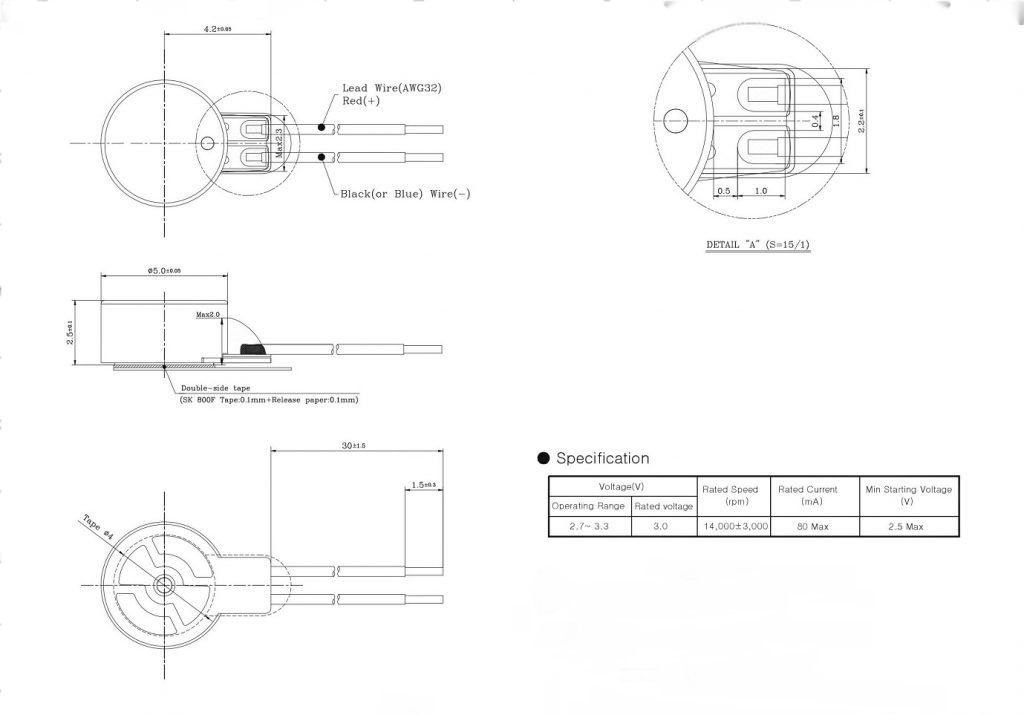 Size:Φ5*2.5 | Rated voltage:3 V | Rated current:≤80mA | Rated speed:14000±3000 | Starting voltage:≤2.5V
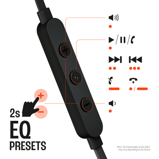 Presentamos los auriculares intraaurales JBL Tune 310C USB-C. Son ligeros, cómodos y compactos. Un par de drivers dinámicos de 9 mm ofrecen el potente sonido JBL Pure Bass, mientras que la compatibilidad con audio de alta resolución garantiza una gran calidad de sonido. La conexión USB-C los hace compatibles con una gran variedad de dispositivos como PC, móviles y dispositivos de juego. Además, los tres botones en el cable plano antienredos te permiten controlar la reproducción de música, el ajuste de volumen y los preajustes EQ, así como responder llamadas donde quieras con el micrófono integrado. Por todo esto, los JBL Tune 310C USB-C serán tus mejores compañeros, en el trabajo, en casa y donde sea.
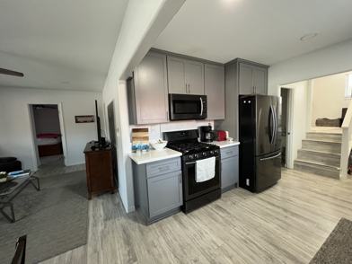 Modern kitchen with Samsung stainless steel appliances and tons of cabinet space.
--
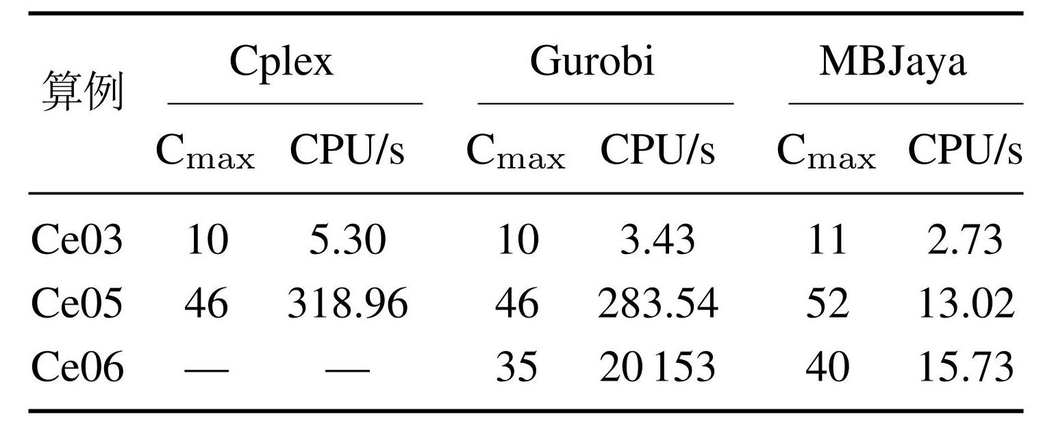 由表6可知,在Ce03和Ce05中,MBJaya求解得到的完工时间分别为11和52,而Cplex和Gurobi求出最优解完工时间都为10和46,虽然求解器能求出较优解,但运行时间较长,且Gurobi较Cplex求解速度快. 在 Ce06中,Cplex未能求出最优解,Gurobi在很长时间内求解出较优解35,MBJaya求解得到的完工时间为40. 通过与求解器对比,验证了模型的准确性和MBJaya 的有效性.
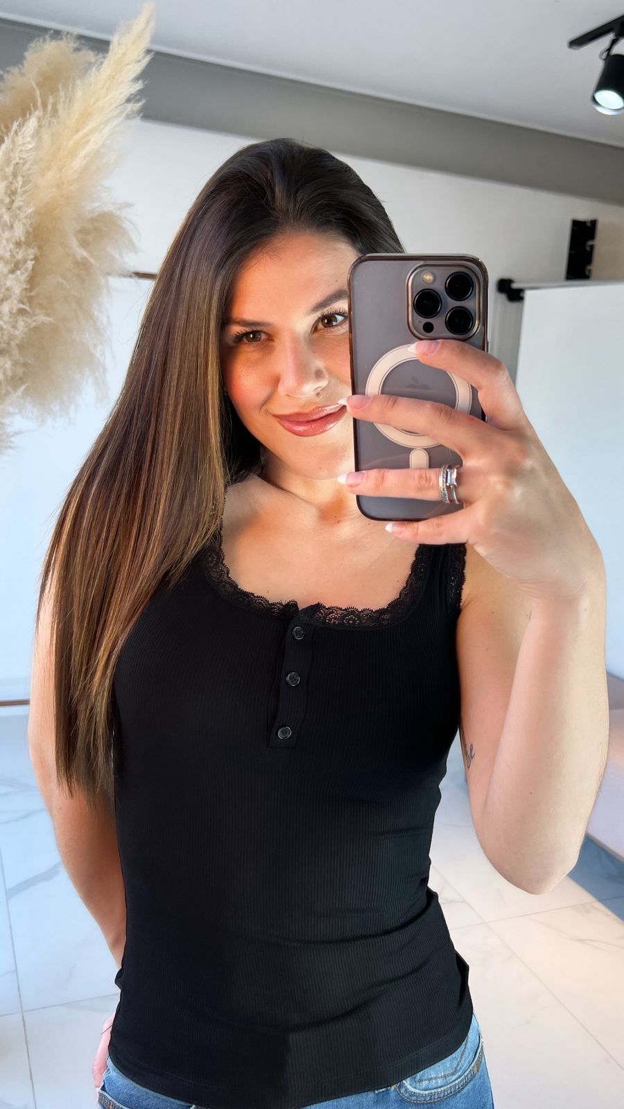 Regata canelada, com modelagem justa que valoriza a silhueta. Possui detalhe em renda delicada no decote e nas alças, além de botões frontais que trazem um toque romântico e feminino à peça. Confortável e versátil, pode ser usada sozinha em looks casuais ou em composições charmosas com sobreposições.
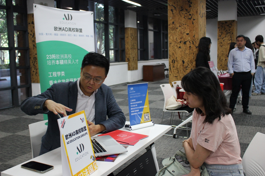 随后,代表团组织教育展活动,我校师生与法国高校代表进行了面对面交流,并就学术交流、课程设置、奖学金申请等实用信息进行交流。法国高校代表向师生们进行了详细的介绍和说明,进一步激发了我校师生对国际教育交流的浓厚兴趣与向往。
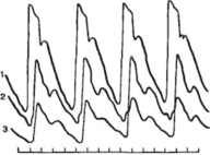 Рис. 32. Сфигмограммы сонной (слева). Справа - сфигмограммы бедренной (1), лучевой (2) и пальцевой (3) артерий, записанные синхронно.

**Task details**
Look above for the line with "Size:Φ5*2.5 | Rated" and the line with "Modern kitchen with", then restate exactly those two lines and all lines between them, with no pictures.

**Solved exercise**
 Size:Φ5*2.5 | Rated voltage:3 V | Rated current:≤80mA | Rated speed:14000±3000 | Starting voltage:≤2.5V
 Presentamos los auriculares intraaurales JBL Tune 310C USB-C. Son ligeros, cómodos y compactos. Un par de drivers dinámicos de 9 mm ofrecen el potente sonido JBL Pure Bass, mientras que la compatibilidad con audio de alta resolución garantiza una gran calidad de sonido. La conexión USB-C los hace compatibles con una gran variedad de dispositivos como PC, móviles y dispositivos de juego. Además, los tres botones en el cable plano antienredos te permiten controlar la reproducción de música, el ajuste de volumen y los preajustes EQ, así como responder llamadas donde quieras con el micrófono integrado. Por todo esto, los JBL Tune 310C USB-C serán tus mejores compañeros, en el trabajo, en casa y donde sea.
 Modern kitchen with Samsung stainless steel appliances and tons of cabinet space.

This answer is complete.